Required work: Reproduce word for word every line from the one containing "Camiseta negra de" through the end of the listing below; omit the pictures.
***** Collected material
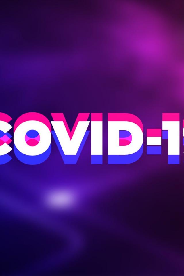 Обои Надпись COVID-19 коронавирус на фиолетовом фоне
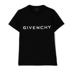 Camiseta negra de corte clásico con logo GIVENCHY en el frente y el icónico emblema cuadrado en la parte trasera. Moderna y distintiva.
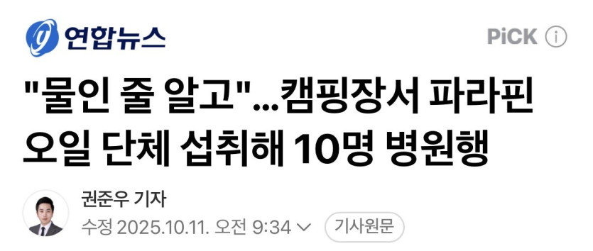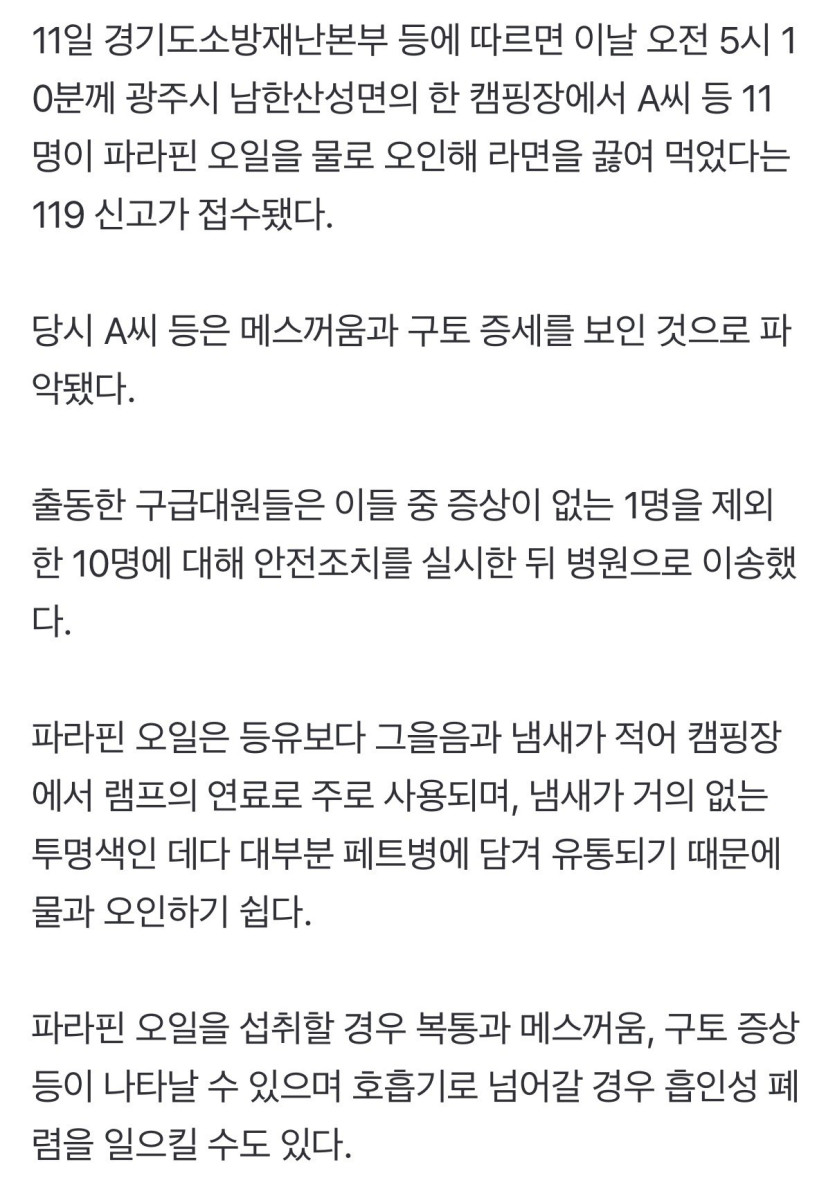 "물인 줄 알고"…캠핑장서 파라핀 오일 단체 섭취해 10명 병원행 김뱁새 0 12 0 0 4시간전 주소복사 복사되었습니다! https://naver.me/GMPc4Cod https://naver.me/GMPc4Cod 0 0
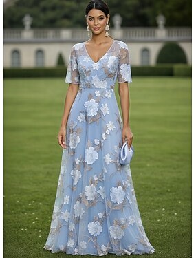 А-силуэт Платья В пол Свадебное платье для гостей Вечернее платье Платье для матери невесты С короткими рукавами V-образный вырез Элегантный стиль Простой Украшенный
**********
Answer to the problem:
 Camiseta negra de corte clásico con logo GIVENCHY en el frente y el icónico emblema cuadrado en la parte trasera. Moderna y distintiva.
 "물인 줄 알고"…캠핑장서 파라핀 오일 단체 섭취해 10명 병원행 김뱁새 0 12 0 0 4시간전 주소복사 복사되었습니다! https://naver.me/GMPc4Cod https://naver.me/GMPc4Cod 0 0
 А-силуэт Платья В пол Свадебное платье для гостей Вечернее платье Платье для матери невесты С короткими рукавами V-образный вырез Элегантный стиль Простой Украшенный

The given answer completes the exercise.